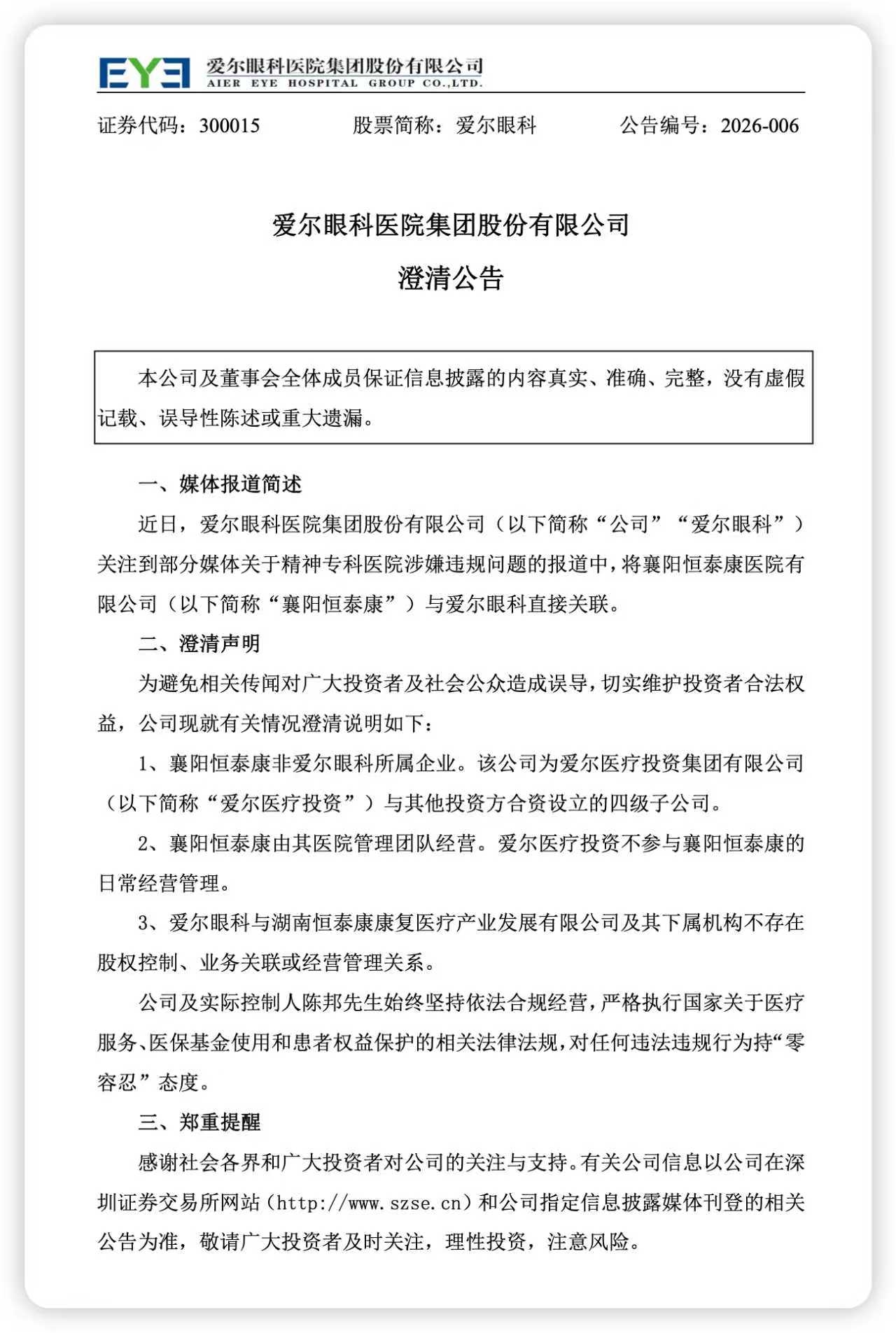 $爱尔眼科(SZ300015)$ 明天看涨,利空影响已经消化,和爱尔集团没有关系
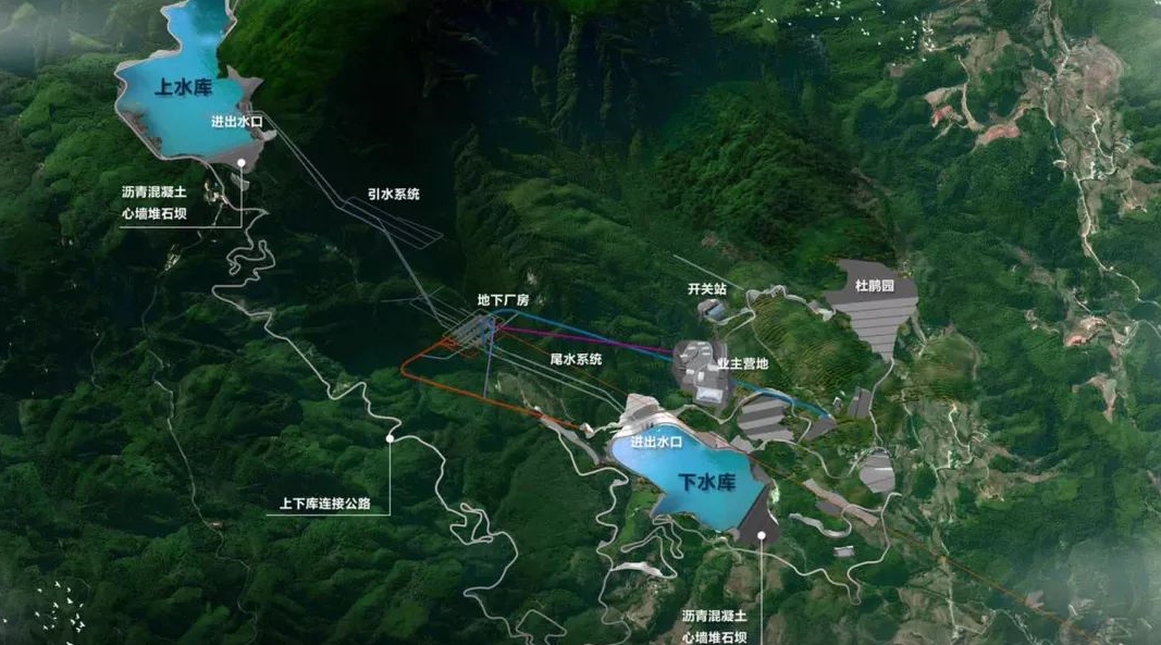 平江抽水蓄能电站项目位于福寿山镇百福村,占地4642亩,总装机140万千瓦,安装4台单机容量35万千瓦可逆式水泵水轮发电机组,设计年抽水电量19.66亿千瓦时,设计年发电量14.74亿千瓦时。电站枢纽由上水库、下水库、输水系统和地下厂房系统组成总投资88亿元。项目建设分为主体工程、施工辅助工程、移民安置工程、环境保护工程四大部分,总工期72个月,预计2024年建成投运、2025年全部投产发电。
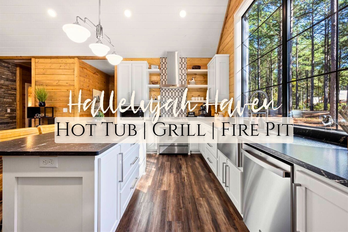 Just next door, Hallelujah Haven offers its own quiet retreat in the Cedar Hills neighborhood. With three bedrooms and two bathrooms, it comfortably sleeps seven and feels wonderfully tucked away, thanks to its private setting with no cabins behind or to the west. The back porch is made for slow mornings and relaxed evenings, featuring plenty of seating, a soothing hot tub, and a secluded fire pit perfect for conversation long after the sun goes down. It’s close enough to everything you’ll want to explore, yet far enough removed to skip the traffic and settle into vacation mode the moment you arrive.

◆ ◆ ◆ ◆ ◆ ◆ ◆

# [WHAT THE TASK ASKS]
Any picture found in the data is to be skipped while the rest is copied exactly.

# [SOLUTION TO THIS PROBLEM]
 $爱尔眼科(SZ300015)$ 明天看涨,利空影响已经消化,和爱尔集团没有关系
 平江抽水蓄能电站项目位于福寿山镇百福村,占地4642亩,总装机140万千瓦,安装4台单机容量35万千瓦可逆式水泵水轮发电机组,设计年抽水电量19.66亿千瓦时,设计年发电量14.74亿千瓦时。电站枢纽由上水库、下水库、输水系统和地下厂房系统组成总投资88亿元。项目建设分为主体工程、施工辅助工程、移民安置工程、环境保护工程四大部分,总工期72个月,预计2024年建成投运、2025年全部投产发电。
 Just next door, Hallelujah Haven offers its own quiet retreat in the Cedar Hills neighborhood. With three bedrooms and two bathrooms, it comfortably sleeps seven and feels wonderfully tucked away, thanks to its private setting with no cabins behind or to the west. The back porch is made for slow mornings and relaxed evenings, featuring plenty of seating, a soothing hot tub, and a secluded fire pit perfect for conversation long after the sun goes down. It’s close enough to everything you’ll want to explore, yet far enough removed to skip the traffic and settle into vacation mode the moment you arrive.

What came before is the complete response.